_Supplied material_

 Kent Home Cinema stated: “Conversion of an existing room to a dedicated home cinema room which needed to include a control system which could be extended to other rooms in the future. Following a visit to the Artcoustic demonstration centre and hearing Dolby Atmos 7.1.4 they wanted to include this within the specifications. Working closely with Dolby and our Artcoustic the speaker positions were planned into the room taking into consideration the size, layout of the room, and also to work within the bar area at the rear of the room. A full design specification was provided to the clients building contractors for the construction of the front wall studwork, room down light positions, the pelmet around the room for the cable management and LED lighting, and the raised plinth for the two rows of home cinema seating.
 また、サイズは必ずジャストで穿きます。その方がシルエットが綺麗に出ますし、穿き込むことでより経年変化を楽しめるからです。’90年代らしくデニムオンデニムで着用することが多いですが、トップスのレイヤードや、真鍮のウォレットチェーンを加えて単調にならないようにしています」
--
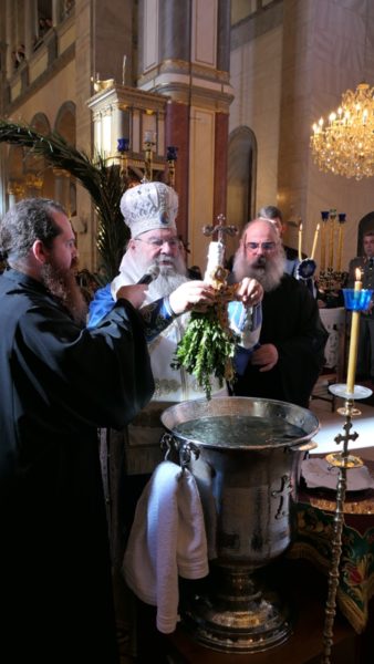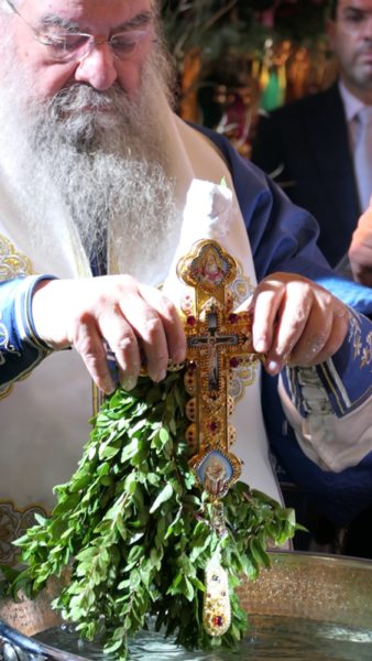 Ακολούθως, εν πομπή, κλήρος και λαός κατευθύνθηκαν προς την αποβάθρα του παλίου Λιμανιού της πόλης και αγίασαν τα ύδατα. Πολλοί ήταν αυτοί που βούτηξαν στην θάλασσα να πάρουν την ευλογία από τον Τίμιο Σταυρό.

_Problem to work on_
Beginning at the line above with "Kent Home Cinema" and finishing at the line with "また、サイズは必ずジャストで", return each line exactly and return nothing else.

_Result of this task_
 Kent Home Cinema stated: “Conversion of an existing room to a dedicated home cinema room which needed to include a control system which could be extended to other rooms in the future. Following a visit to the Artcoustic demonstration centre and hearing Dolby Atmos 7.1.4 they wanted to include this within the specifications. Working closely with Dolby and our Artcoustic the speaker positions were planned into the room taking into consideration the size, layout of the room, and also to work within the bar area at the rear of the room. A full design specification was provided to the clients building contractors for the construction of the front wall studwork, room down light positions, the pelmet around the room for the cable management and LED lighting, and the raised plinth for the two rows of home cinema seating.
 また、サイズは必ずジャストで穿きます。その方がシルエットが綺麗に出ますし、穿き込むことでより経年変化を楽しめるからです。’90年代らしくデニムオンデニムで着用することが多いですが、トップスのレイヤードや、真鍮のウォレットチェーンを加えて単調にならないようにしています」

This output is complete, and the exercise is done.